In the past several months I have gone from utter frustration about my life and ministry to apathy to rest. I had been frustrated since the middle of 1987 when it looked like we had heard the Holy Spirit wrong. Nothing seemed to be working out. Granted, that frustration was often simmering just under the surface as the things of life took the front burner. Very few other people knew the frustration was there and I did a reasonably good job of pretending it was not. That period ended about a year ago and I moved into a period of apathy, I just did not care what happened. I put a spiritual kind of face on that and would have told you God had everything under control and was working things out, had you asked. I think I believed that, but I was apathetic so it did not even matter what I believed. Confronting the religious spirit face to face snapped me right out of my apathetic period and set me on the path toward rest. Now all I have to do is remember I am in that period.
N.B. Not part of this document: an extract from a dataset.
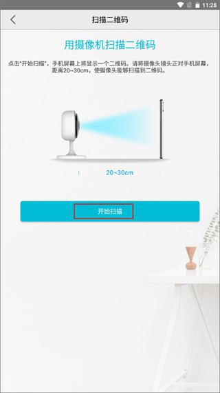 5、输入家中WiFi的密码并进入下一步,点击下方的“开始扫描”,这时手机屏幕上就会显示一个二维码,将摄像头对准手机屏幕一定距离,扫描成功后就可以添加成功了。

Make no mistake, I am a spiritual man, created in the image of God. I understand something about living in the spirit even though I am not very adept at staying there for long. The challenge is that the rest is a soulical rest, but if we are not living spirit led lives, we will never enter into it. The physical world tugs too hard to let us rest in this world absent the work of the Holy Spirit in and through our spirit. Jesus promised us rest for our souls. (Matthew 11:29) He did not promise us physical rest. Rest is not the absence of physical labor. If you can understand it, rest is really the embracing of physical, or perhaps mental, labor as what God has given us individually to do. Let me see if I can explain. As I said earlier, I am a little bit lazy. However, anyone who knows me will tell you, not much gets by me. I do not see and hear everything, but apparently I do a better job at it than most people do. The point is, I am doing something even when I do not appear to be doing anything.
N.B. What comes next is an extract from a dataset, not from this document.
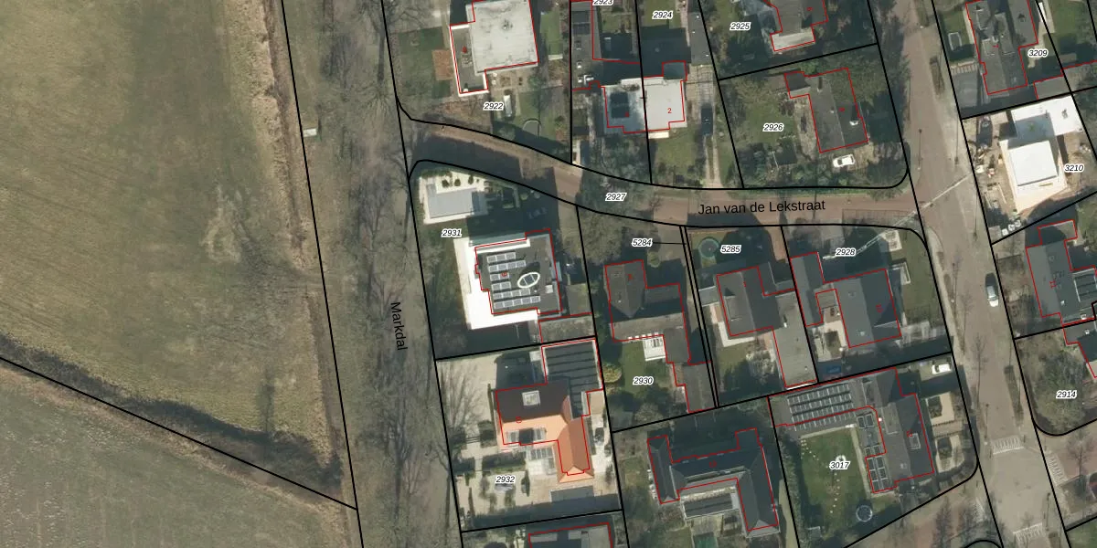 Het perceel waarop Markdal 9 staat heeft een oppervlakte van 930 m². Dit is een groot perceel. De perceeloppervlakte wordt geregistreerd door het Kadaster. Gedetailleerde informatie over de maten van dit perceel kunt u vinden in het rapport Kadastrale kaart met maatvoering van Markdal 9.

I know automobile and aircraft mechanics, plumbers, and welders, and even doctors who work harder than I probably ever wanted to. They are constantly in motion. I sit here and move my fingers in orderly movements to put words into a computer and shape them into semi-coherent thoughts. (I hope.) The movements are quick and clean and not too terribly taxing on my body. I do not expect to make a lot of money at it, but my support is not my problem. God's grace has already given me more than I ever expected to have. So much for keeping one's expectations low. Anyway, I have now entered into a small corner of God's rest. I do not worry about finances. I just do what God gives me to do. When I look back, I see that I actually entered into that corner several years ago, almost by accident. I guess you could say I backed into the corner.

Like most people we knew, there were lots of times, when the kids were little especially, that we ran out of money before we ran out of month. However, unlike a lot of those people, we never missed a meal and we never missed a payment on anything. One day it dawned on us that God had been quietly taking care of all our needs, albeit at a lower level than we might have liked. Remember, we kept our expectations low so as to not be too disappointed. (And if you are missing that, it is tongue in cheek.) Through all that, we believed God had better things for us. That was something we could rest in.

The lesson is: Find your rest wherever you can. Once you enter into rest in any area of life, you will find it easier to find rest in another and another and another. I am not much of a formula buff when it comes to spiritual things, but it is not an entirely bad idea to find out where you have trouble in your life--where you have not yet entered into rest. Through prayer, meditation and perhaps some counsel, find out why you do not seem to be able to find rest in that area. Do this for each area where rest eludes you, one at a time. It is a spiritual exercise you will find well worth the effort.